The film recounts Matthew’s experiences at the school, his earlier years in Casper, Wyo., and some of the darker times of his life, as when, after being sexually assaulted while traveling in Morocco, he went into a period of depression and isolation, his gregariousness diminished.

Both of Shepard’s parents appear in the movie, as do many other people who knew him. Talking about Matthew was sometimes painful for them, Josue says, “but I think everyone, all his close friends, his teachers, his family were all very willing to share the Matt that we remembered and that we cherished.”

She adds, “I often compare it to reopening some very old wounds that never healed properly. So there’s a lot of tears, of course, but you know, there are also some really joyful moments when we were able to reminisce and remember little things about Matt that we had forgotten over time.”

Matthew’s brother, Logan, who is now 34, declined to participate in the film. “He’s very introverted like Judy and he’s more of an advocate behind the scenes,” Dennis Shepard says, adding that Logan is deeply involved with antibullying efforts and all the work of the Matthew Shepard Foundation, set up by the family to advocate for LGBT equality through a variety of programs.

The film, Dennis notes, is very honest. He says it’s one of four accounts of Matthew’s life and death that are totally honest, the others being Judy’s book, The Meaning of Matthew, and the playsThe Laramie Project and its sequel, The Laramie Project: Ten Years Later. He and Josue dismiss as “totally bogus” the accounts that claim Matthew’s murder was not motivated by his killers’ homophobia but was instead the result of a drug deal gone bad. “We just ignore it because those who want to believe something that strange and odd will believe it,” he says.
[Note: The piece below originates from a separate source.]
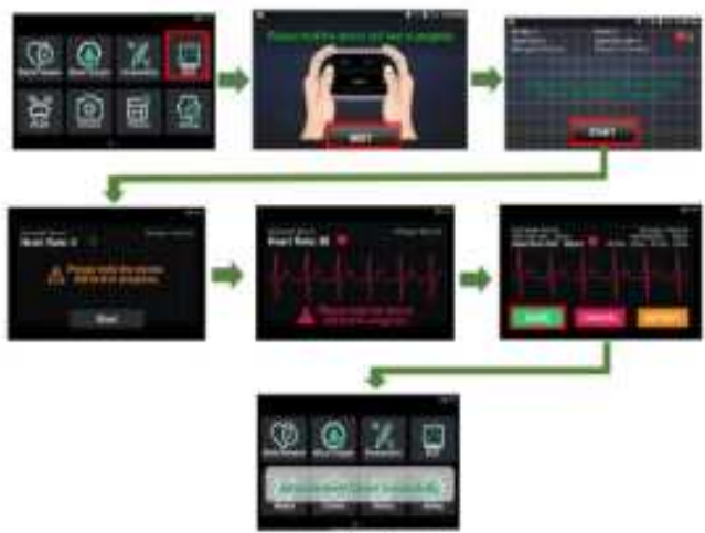
4 Illustrated example of Measuring ECG

Part of the movie’s honesty, he says, is making clear that Matthew “had failures and successes like everybody else.” He continues, “I think it’s important for young people to know that you’ll have good times and bad times.” The knowledge that some young people despair over the bad times to the point of suicide, he says, “just scares me to death.”
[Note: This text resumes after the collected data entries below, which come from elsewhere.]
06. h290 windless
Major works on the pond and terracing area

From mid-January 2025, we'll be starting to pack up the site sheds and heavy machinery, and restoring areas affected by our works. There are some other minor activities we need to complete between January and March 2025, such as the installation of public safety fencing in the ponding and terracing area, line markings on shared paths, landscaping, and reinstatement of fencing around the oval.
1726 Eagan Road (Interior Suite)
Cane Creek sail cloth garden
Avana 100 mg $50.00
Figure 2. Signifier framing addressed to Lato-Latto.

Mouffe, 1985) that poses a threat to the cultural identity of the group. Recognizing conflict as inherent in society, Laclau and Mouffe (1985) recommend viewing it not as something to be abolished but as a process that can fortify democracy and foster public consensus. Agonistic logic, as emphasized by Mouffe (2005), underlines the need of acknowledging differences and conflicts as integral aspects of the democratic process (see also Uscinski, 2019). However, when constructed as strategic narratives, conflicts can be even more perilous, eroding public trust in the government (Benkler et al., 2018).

He and his wife, with their son and other allies, are working hard to keep other young LGBT people from despairing. One of the foundation’s projects is Matthew’s Place, an online community for LGBT youth, many of whom find little support in their families or schools.

Dennis and Judy’s work also includes visiting schools — this spring they’ll be talking to junior high students in San Francisco who are reading The Laramie Project — and, under the aegis of the U.S. State Department, traveling overseas to speak about Matthew and LGBT rights. They’ve been to 18 countries to date.
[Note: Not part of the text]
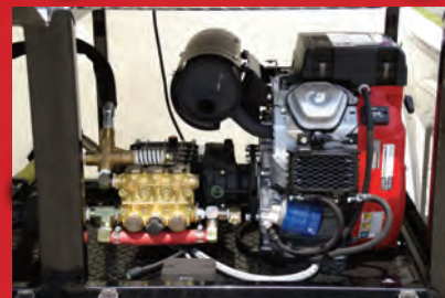
SK2712H Engine and Pump.

In a way, that effort is carrying out one of Matthew’s ambitions. “His goal was to go out and improve the world,” Dennis says. “He really loved this country and he thought those ideals should be taken everywhere.”

And continuing to tell his story, as through Matt Shepard Is a Friend of Mine, is important to any effort to improve the world for LGBT people, his father says. That the film will be edited into an educational version for schools is just critical,” he says. Young people, he explains, “need to understand that they’re standing on the shoulders of what Matt did, what happened to Matt, who is standing on the shoulders of what happened to Harvey Milk, who was standing on the shoulders of Stonewall.”

“History repeats itself,” he adds, “unless you educate and teach. And I think that’s what this film does.”